InfiniteYou: Flexible Photo Recrafting While Preserving Your Identity (2503.16418v1)

Published 20 Mar 2025 in cs.CV and cs.LG

Abstract: Achieving flexible and high-fidelity identity-preserved image generation remains formidable, particularly with advanced Diffusion Transformers (DiTs) like FLUX. We introduce InfiniteYou (InfU), one of the earliest robust frameworks leveraging DiTs for this task. InfU addresses significant issues of existing methods, such as insufficient identity similarity, poor text-image alignment, and low generation quality and aesthetics. Central to InfU is InfuseNet, a component that injects identity features into the DiT base model via residual connections, enhancing identity similarity while maintaining generation capabilities. A multi-stage training strategy, including pretraining and supervised fine-tuning (SFT) with synthetic single-person-multiple-sample (SPMS) data, further improves text-image alignment, ameliorates image quality, and alleviates face copy-pasting. Extensive experiments demonstrate that InfU achieves state-of-the-art performance, surpassing existing baselines. In addition, the plug-and-play design of InfU ensures compatibility with various existing methods, offering a valuable contribution to the broader community.

Summary

InfiniteYou: Identity-Preserving Image Generation Using Diffusion Transformers

The paper entitled "InfiniteYou: Flexible Photo Recrafting While Preserving Your Identity" presents an advanced framework for identity-preserving image generation using Diffusion Transformers (DiTs). This framework, named InfiniteYou (InfU), aims to address significant challenges in existing methods, including low identity similarity, weak text-image alignment, and compromised generation quality. The unique approach capitalizes on state-of-the-art Diffusion Transformers like FLUX to enhance image synthesis capabilities while maintaining robust identity features.

Core Contributions

InfuseNet Architecture: Central to the InfU framework is the InfuseNet component, which introduces identity features into the DiT base model using residual connections. This architecture preserves identity similarity more effectively than conventional methods that typically alter attention layers. InfuseNet functions as a generalization of ControlNet, specifically designed to separate text and identity inputs to avoid entanglement.
Multi-Stage Training Strategy: To further enhance model performance, the authors implement a multi-stage training strategy comprising pretraining and supervised fine-tuning (SFT).
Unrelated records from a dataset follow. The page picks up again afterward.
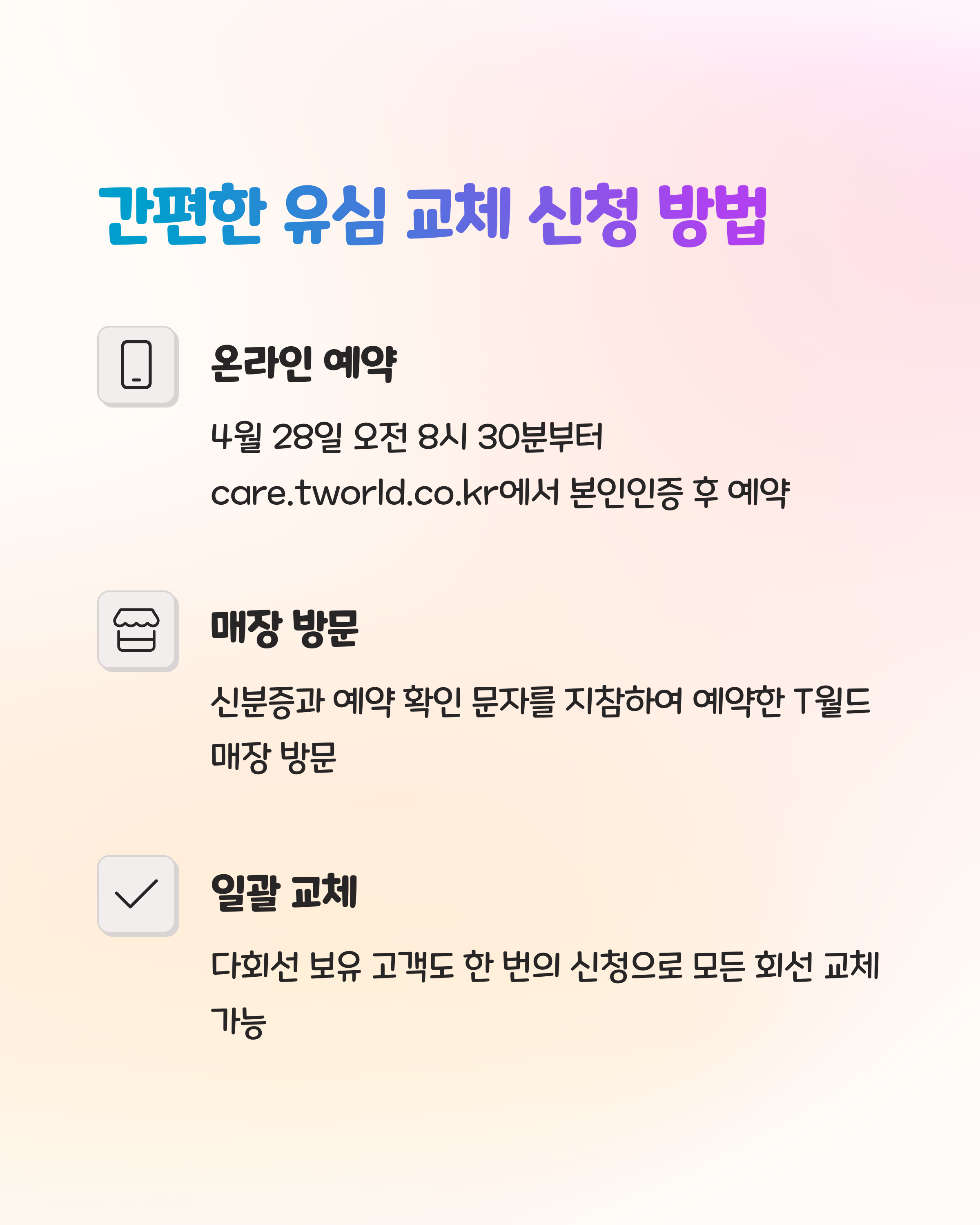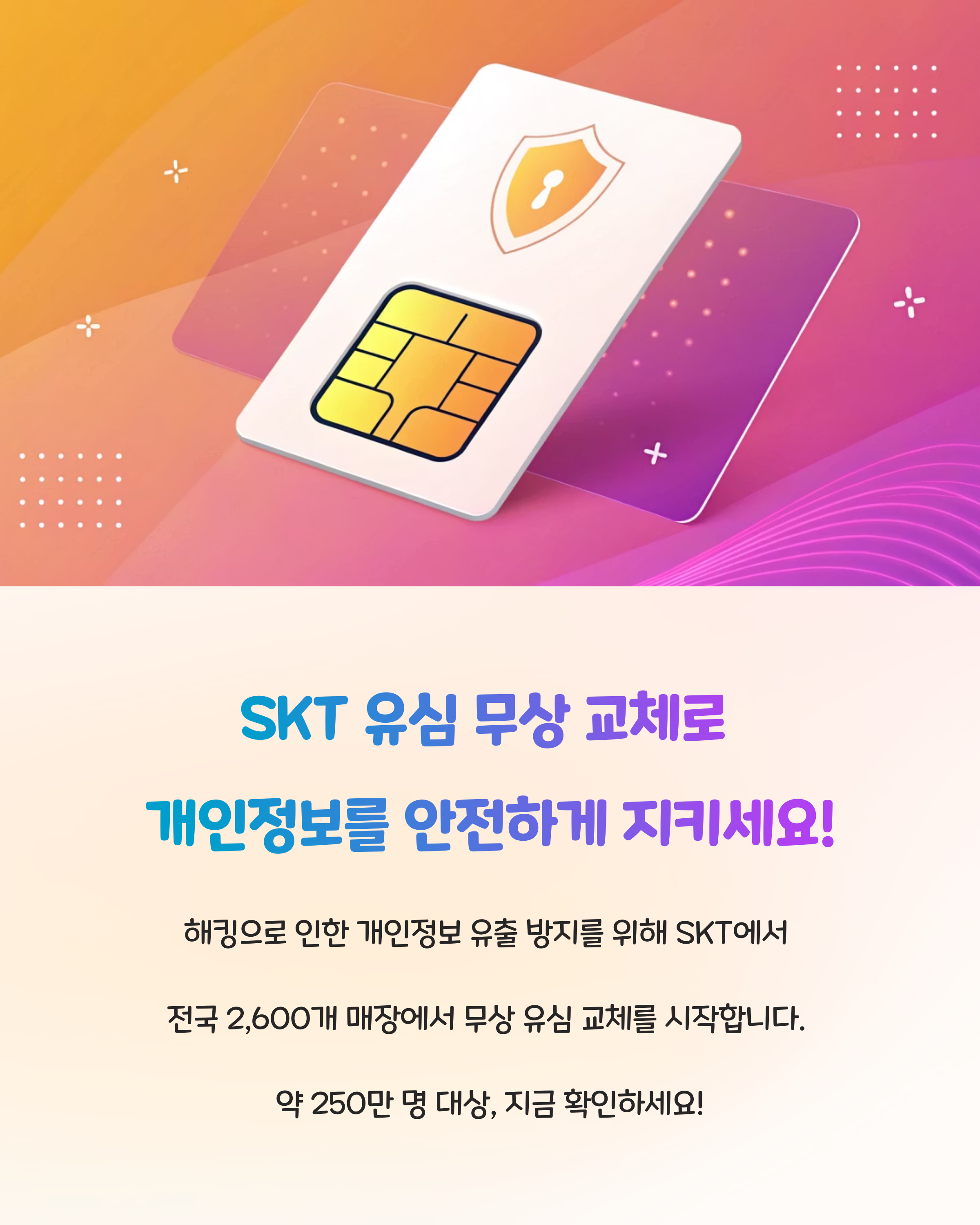 SKT 유심 정보 유출 사고로 인해 전 고객 무상 교체가 시작되었습니다. 놓치면 개인정보까지 위험할 수 있습니다. 10분이면 끝나는 예방 방법부터 간단한 신청, 지금 바로 진행하세요!
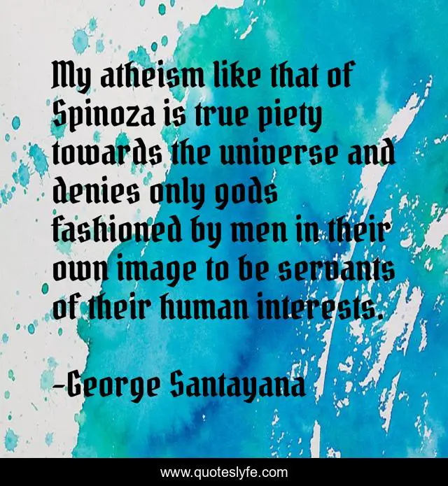 This page presents the quote "My atheism like that of Spinoza is true piety towards the universe and denies only gods fashioned by men in their own image to be servants of their human interests.". Author of this quote is George Santayana. .
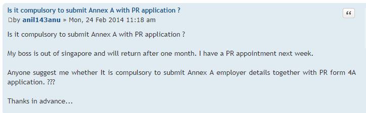现在有网友在网络上询问以下问题:现在申请PR必须要交Annex A吗?因为公司那边要求说如果要帮我写Annex A的话就要我多签两年合同,而我的HR也是Poly毕业,说他申请的时候没有交也是申请到了,所以Annex A 是必须材料吗?

This methodology utilizes synthetic single-person-multiple-sample (SPMS) data to improve text-image alignment and overall generation quality, ultimately rectifying issues like face copy-pasting.
Compatibility and Plug-and-Play Design: InfU features a plug-and-play design, ensuring compatibility with various existing methods. This design contributes to its adaptability and usefulness across diverse scenarios, promoting integration with existing image generation models and plugins.

Empirical Findings and Implications

The paper reports extensive experiments highlighting InfU’s superiority over existing baselines, such as PuLID-FLUX and FLUX.1-dev IP-Adapters. Key metrics used for evaluation include ID Loss, CLIPScore, and PickScore, with InfU achieving notable improvements in identity similarity, text-image correlation, and image aesthetics.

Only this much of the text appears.